A.  Collateral Attack.

                        Longworth claims that his conviction should be dismissed because Youth for America was never properly served in the underlying injunction action.  He explains that he is the organization's only officer/director and, therefore, serving Trewhella was ineffective to confer jurisdiction.  As a result, Longworth contends that the underlying injunction does not apply to Youth for America or to him.  The State responds that Longworth cannot collaterally attack the jurisdiction determination of the injunction court.  The trial court in the instant case agreed.

                        This court is not persuaded by Longworth's argument.  The issue of jurisdiction over Youth for America was raised and decided by the injunction court.  The injunction court specifically found that “[a]ll the evidence of record establishes that Matthew Trewhella does constitute the director, manager or officer of ... Youth for America.”  As a result, the injunction court determined that service upon Trewhella as an officer/director of Youth for America was sufficient to confer jurisdiction over the organization.  That determination was not challenged further, and therefore, the validity of the decision is assumed.  See generally, Wisconsin Employment Relations Bd. v. Mews, 29 Wis.2d 44, 138 N.W.2d 147 (1965).
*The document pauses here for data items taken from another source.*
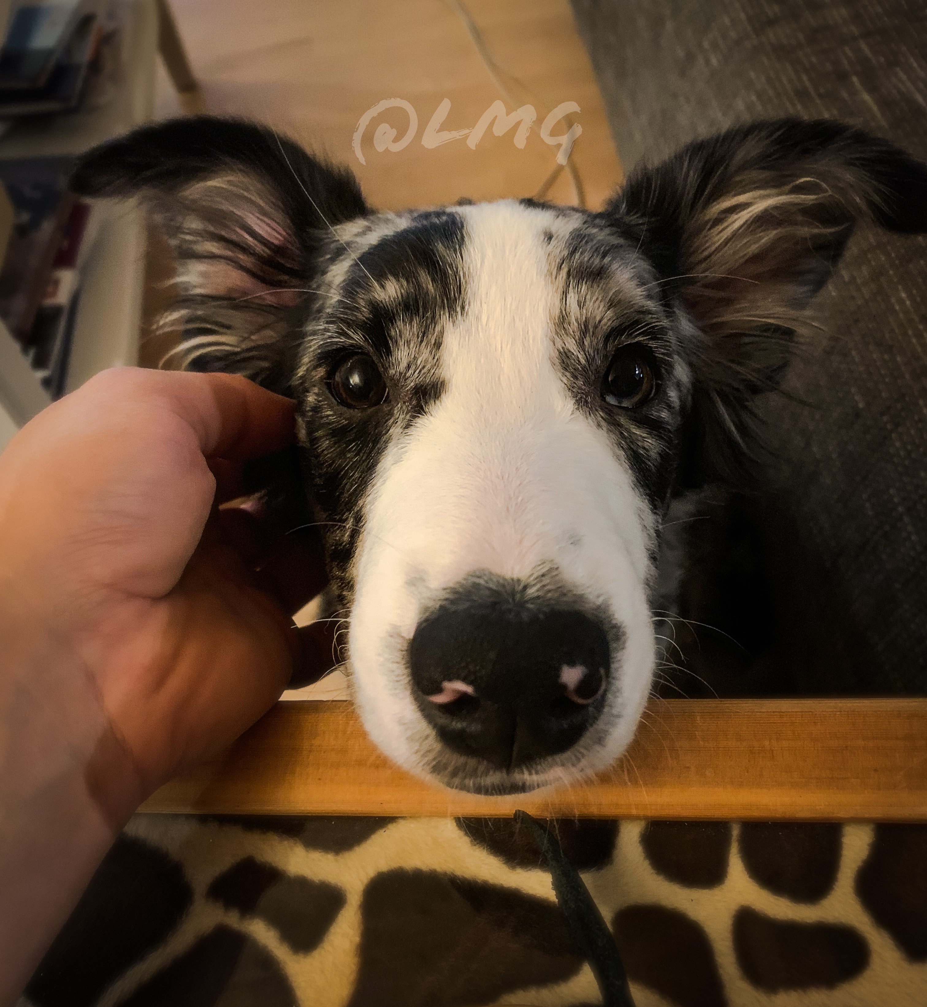 Noch so ein Ding: Ihr zu erklären, dass man ÜBER Hindernisse springt war auch eine längere Sache 😅 Mama Rán hatte das übrigends auch. Das interessantes Alltags“problem“ war das stoppen von Autos, die auf uns zu kamen (später dann Inliner). Famy jagt nicht. Sie ist aufmerksam und läuft auch mit, wenn jemand sich entschließt hinter einem Vogel oder Reh her zu laufen, aber ihre eigene Intension ist das nicht. Sie schaut Rehe an, meldet, geht zum Menschen, meldet wieder und wird wirklich aufdringlich, wenn man ihr nichts dazu sagt. Rückendeckung ist ihr sehr wichtig. Die Autosache hat uns ungefähr 6 Monate gekostet. Ich habe jeden Tag mit ihr am Parkplatz des Geschäfts hier die Straße runter gesessen und Kiloweise Leberwurst verfüttert. Erst aus der Ferne, dann immer näher. Dann am Parkplatzeingang, dann auf der anderen Seite am Bahnhof, dann sind wir an die große Straße gewechselt. Jetzt schaut sie zwar noch immer Autos an, aber kommt nur noch selten zu mir, schiebt die Nase in meine Hand und holt sich ein bisschen Sicherheit ab. Sie braucht Zeit sich Situationen und Dinge an zu schauen. Sonst wird sie hektisch oder verbellt oder friert ein.
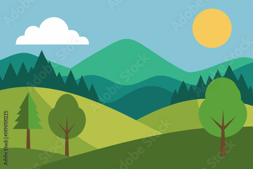 © Radha Rani, Obraz premium Clean Minimal Nature Landscape with Rolling Hills and Trees Wallpaper Vector Illustration Background
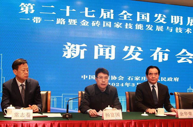 3月19日,中國發(fā)明協(xié)會(huì)和石家莊市人民政府在北京共同舉行新聞發(fā)布會(huì),宣布第27屆全國發(fā)明展覽會(huì)﹒“一帶一路”暨金磚國家技能發(fā)展與技術(shù)創(chuàng)新大賽將于5月22-24日在石家莊國際會(huì)展中心舉辦。
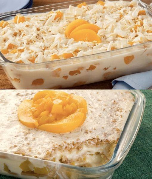 1 lata de pêssego em calda, metade deles picado e a outra metade fatiado.

                        Accordingly, Longworth is precluded from collaterally attacking that determination in the instant action.  State v. Madison, 120 Wis.2d 150, 154, 353 N.W.2d 835, 838 (Ct. App. 1984); State v. Bouzek, 168 Wis.2d 642, 644-45, 484 N.W.2d 362, 363 (Ct. App. 1992); R.B. General Trucking, Inc. v. Auto Parts & Service, Inc., 3 Wis.2d 91, 97, 87 N.W.2d 863, 866 (1958) (court's findings of jurisdictional facts after objection to jurisdiction are conclusive against collateral attack).  Therefore, this court rejects his argument that the underlying injunction does not apply to him because Youth for America was never properly served.
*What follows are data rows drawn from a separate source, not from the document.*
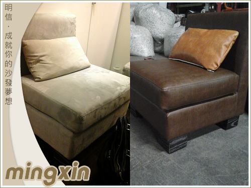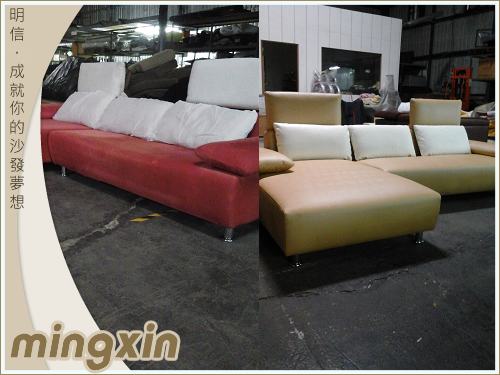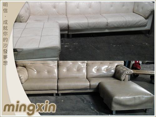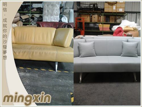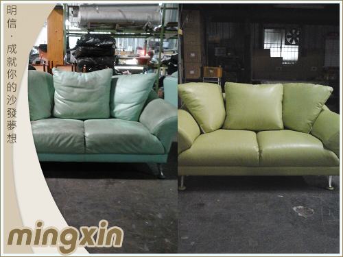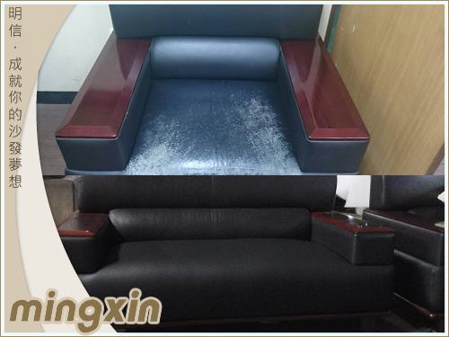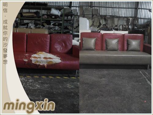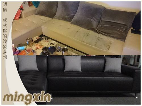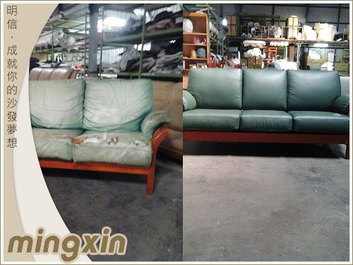 上圖為原本鄭小姐家中的皮沙發.坐了許多年.買的時候也不便宜.只因為皮革髒損.丟掉實在可惜.最重要的是骨架都還很完整.在經由報價後.最終還是選擇以維修換皮的方式替代購買新沙發.下圖則為換皮後的成果圖.沙發坐墊面我們幫鄭小姐更改為平面式.因為鄭小姐家中有養寵物.以避免狗狗拉扯.也幫鄭小姐多車縫了腳椅的皮套.避免狗狗又容易抓破.平日主人不在家時.把椅套蓋住.再怎麼抓都不怕囉!
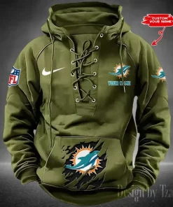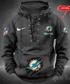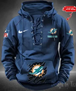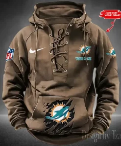 Miami Dolphins Lace-Up Cross V-Neck Drawstring Hoodie
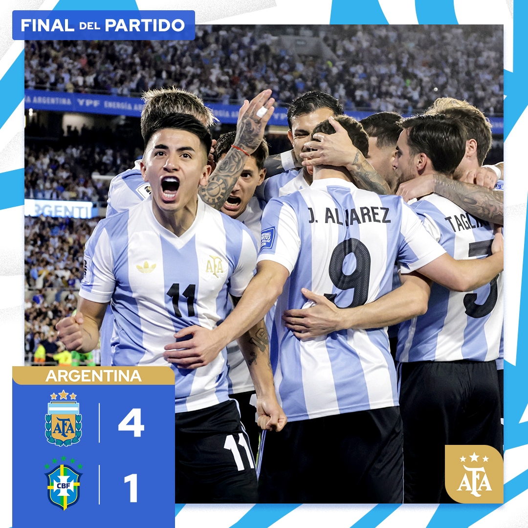 03月26日訊 南美世預(yù)賽第14輪,阿根廷4-1擊敗巴西。為阿根廷破門的4人分別是阿爾瓦雷斯、恩佐、麥卡利斯特和朱利亞諾-西蒙尼。

B.  Exclusion of Evidence.

                        The evidence that Longworth asserts was erroneously excluded was testimony from an attorney who represented certain named defendants in the underlying injunction action.  Longworth intended to have the attorney testify that he in fact did not represent Youth for America in the underlying injunction action.

                        An appellate court reviews a trial court's evidentiary rulings according to the erroneous exercise of discretion standard.  See State v. Pharr, 115 Wis.2d 334, 342, 340 N.W.2d 498, 501 (1983); State v. Alsteen, 108 Wis.2d 723, 727, 324 N.W.2d 426, 428 (1982).  If a trial court applies the proper law to the established facts, we will not find a misuse of discretion if there is any reasonable basis for the trial court's ruling.  Alsteen, 108 Wis.2d at 727, 324 N.W.2d at 428; Village of Shorewood v. Steinberg, 174 Wis.2d 191, 204, 496 N.W.2d 57, 62 (1993); Steinbach v. Gustafson, 177 Wis.2d 178, 185-86, 502 N.W.2d 156, 159 (Ct. App. 1993).  Appellate courts generally look for reasons to sustain discretionary determinations.  Steinbach, 177 Wis.2d at 185-86, 502 N.W.2d at 159.
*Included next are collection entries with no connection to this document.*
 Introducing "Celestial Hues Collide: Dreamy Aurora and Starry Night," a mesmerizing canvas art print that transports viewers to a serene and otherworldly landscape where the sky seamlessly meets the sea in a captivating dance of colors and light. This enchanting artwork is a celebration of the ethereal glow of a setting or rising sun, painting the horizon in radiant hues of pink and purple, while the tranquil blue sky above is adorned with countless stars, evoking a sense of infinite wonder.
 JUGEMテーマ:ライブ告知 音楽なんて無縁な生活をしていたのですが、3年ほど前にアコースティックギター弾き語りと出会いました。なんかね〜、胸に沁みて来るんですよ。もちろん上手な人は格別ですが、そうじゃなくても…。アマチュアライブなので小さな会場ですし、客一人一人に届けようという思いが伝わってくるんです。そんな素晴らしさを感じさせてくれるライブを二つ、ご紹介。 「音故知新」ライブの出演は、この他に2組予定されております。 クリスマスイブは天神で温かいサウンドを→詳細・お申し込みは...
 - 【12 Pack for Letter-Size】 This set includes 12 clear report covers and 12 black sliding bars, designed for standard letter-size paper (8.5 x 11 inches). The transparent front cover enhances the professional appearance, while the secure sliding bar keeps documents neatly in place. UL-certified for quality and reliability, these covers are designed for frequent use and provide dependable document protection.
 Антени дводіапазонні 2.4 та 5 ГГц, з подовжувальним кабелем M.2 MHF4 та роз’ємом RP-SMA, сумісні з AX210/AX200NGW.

                        In the instant case, the trial court properly determined that Longworth could not collaterally attack the determination by the injunction court that Youth for America was properly served.  The testimony excluded was pertinent solely to an attack on whether the underlying injunction applied to Youth for America.  As noted above, this jurisdictional issue was previously determined by the injunction court and not subject to attack.  Further, testimony on jurisdictional issues are for the court and not the jury.  State ex rel. V.J.H. v. C.A.B., 163 Wis.2d 833, 840, 472 N.W.2d 839, 841 (Ct. App. 1991); see also 21 C.J.S. Courts § 87 (1990).  Accordingly, it was not an erroneous exercise of discretion to exclude this testimony.

                        By the Court.—Judgment affirmed.

                        This opinion will not be published.  See Rule 809.23(1)(b)4, Stats. 



     [1]  This appeal is decided by one judge pursuant to § 752.31(2), Stats.